Search code examples
mysqlperformancedatabase-optimization

Optimize A Messy Query


So I have this unholy query, and need to clean it up, as it takes ~2 minutes to execute. I can't change any table structure, but I can split it up into sub queries in loops, etc. I'm using C++ and MySQL.

Basically tag(s) are selected, and any user who has a union with the tag must then be selected by the query.

Here is the query, with 123 being a CSV tag id list of length >= 1, and the josh@test.com being a CSV email list of emails to ignore, of length >= 0. I know this is asking a lot, but any advice would be greatly appreciated.
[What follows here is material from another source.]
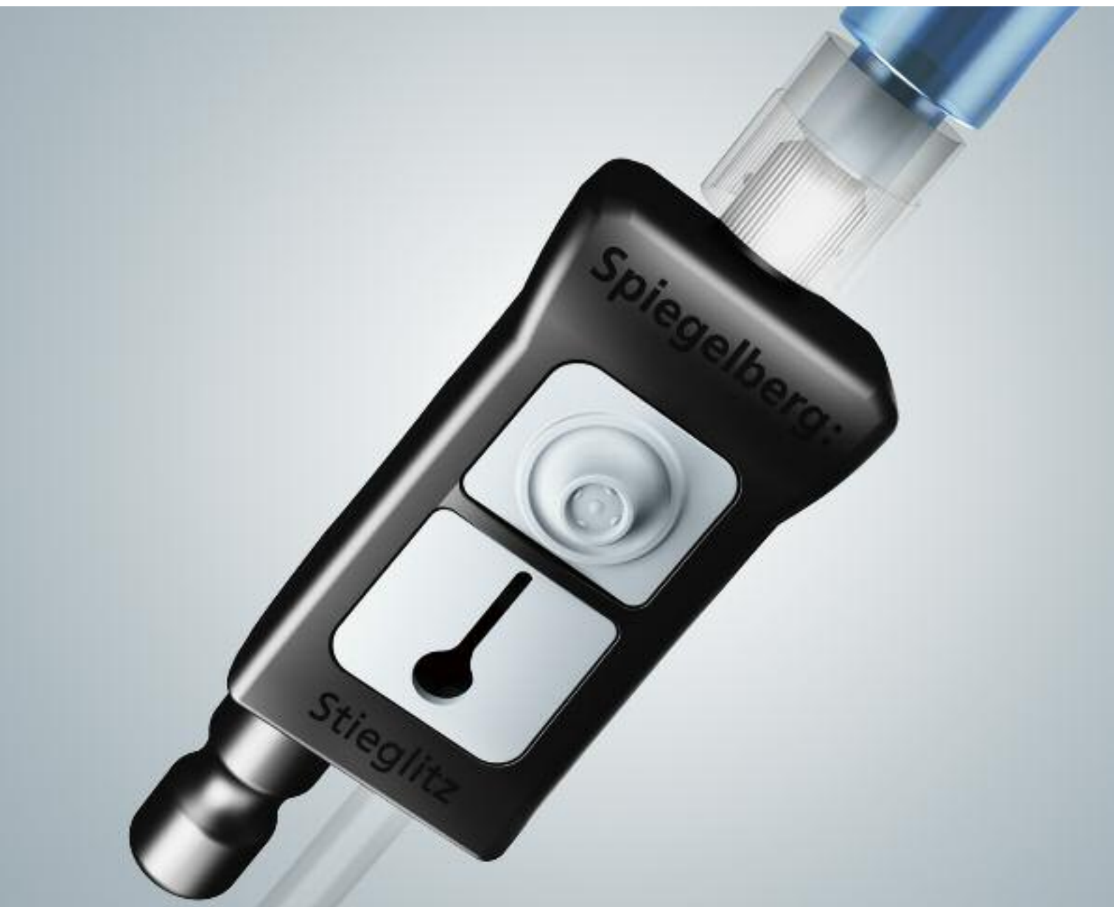
Stieglitz | Spülsauger

SELECT user_id,user_primaryemail,USER_EMAIL_IS_VALID
FROM users
WHERE ( ( user_id IN ( SELECT union_target_id
                       FROM systemtag_union
                       WHERE union_systemtag_id IN ( '123' )
                         && union_type = 'User'
                       GROUP BY union_target_id
                       HAVING COUNT(DISTINCT union_systemtag_id) = 0) ) )
  && user_primaryemail NOT IN ( 'josh@test.com' )
  && USER_EMAIL_IS_VALID != 'No'
GROUP BY user_primaryemail

Rough table structure:

users
-----
user_id
user_primaryemail
user_email_is_valid

systemtags
-----
systemtag_id

systemtag_union
-----
union_systemtag_id (corresponds to systemtags.systemtag_id)
union_target_id (corresponds, in this case, to users.user_id)
union_type (the type of the union, irrelevant in this case)

EDIT: Here is the result of EXPLAIN, as a CSV:

"id","select_type","table","type","possible_keys","key","key_len","ref","rows","Extra"
1,"PRIMARY","users","ALL","user_email","","","",9104,"Using where; Using temporary; Using filesort"
2,"DEPENDENT SUBQUERY","systemtag_union","index","union_systemtag_id,union_type","union_target_id","4","",8,"Using where"

Solution

  • So what I ended up doing was twofold. I added indexes and reoptimized my tables, which helped a bit, then I completely extracted the systemtag subquery, and stored it in a variable, which I then plugged into the bigger query. Even though the subquery only took .2 seconds, it must have been executing for each iteration of the 20k user database. Thanks so much to all of you, your guidance was indispensable.